The band's new release, 'Brutalism' is a retrospective that covers their first three albums, 'Antimatter', 'Cyberia', and 'Barbarossa' which yielded classic singles ‘Oxyacetylene’, ‘Body Burn’, and ‘Joy’. The fourteen tracks featured here represent the finest cuts of the band's early and perhaps most groundbreaking work. The tracks have been giving a loving remaster and as a result sound as though they were written and recorded yesterday, showing really just how far ahead of the curve Heal and Barry were back in the early-mid 90s.
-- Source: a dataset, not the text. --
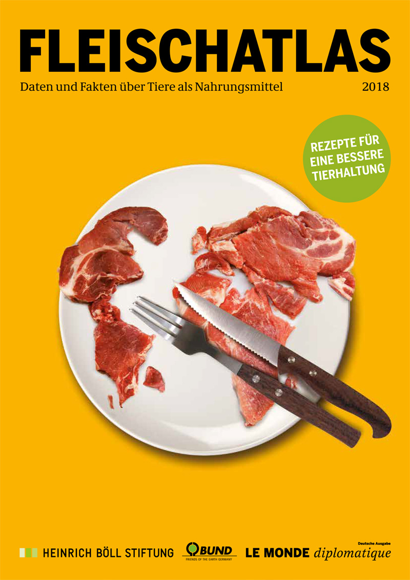 Titelbild Fleischatlas 2018 von BUND, Heinrich-Böll-Stiftung, Le Monde Diplomatique. Bild: "obs/BUND/Art-Direktion Ellen Stockmar"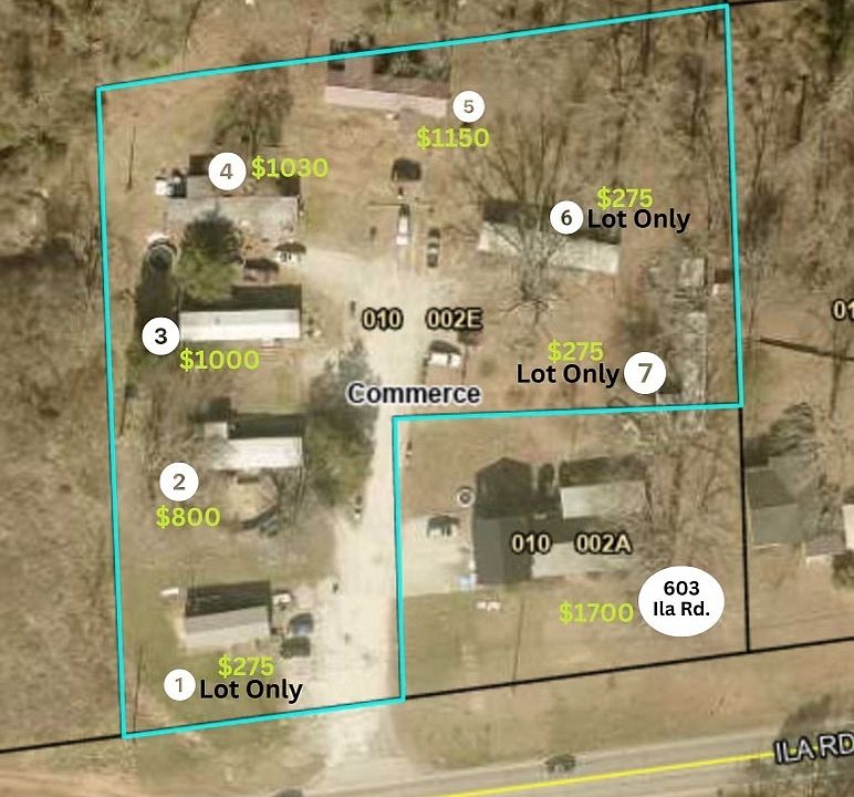 Motivated seller make us an offer! Owner financing available with 50% down! Income producing mobile home park in a great area! 581 Ila Rd has 7 units on 1.67 acres, Units 1, 6, and 7 pay monthly lot rent and units 2, 3, 4, and 5 are owned by the park. 603 Ila Rd is a 2248 sq ft 4 bedroom, 2 bath homes on it's own .47 acre parcel. The property adjoins a large tract that has been approved for a residential development and is located close to Hwy 441 and downtown Commerce. The homes are metered individually for power and the tenants pay their share of water each month. Professionally managed currently. There is one unit that the tenant just moved out of. Call Agent for more details!

Tracks such as 'Autonomy', 'Body Burn', 'Hatesong', 'Oxyacetalyne', 'Industry', 'Vortech I', and 'Joy' can still compete with the freshest industrial rock tracks today. Combining a punk rock abandon of convention, experimentalism and fundamentally good songwriting, this track list is a perfect introduction to the band.

The tracks are wild and anarchic rides perforated by techno beats, rave electronics and searing guitars that despite their quick and on the fly original recordings still measure up in 2017. The remastering has allowed the songs to shine through once more and though the scene may be home to more illegitimate offspring than ever, 'Brutalism' shows that Cubanate are definitely the daddies.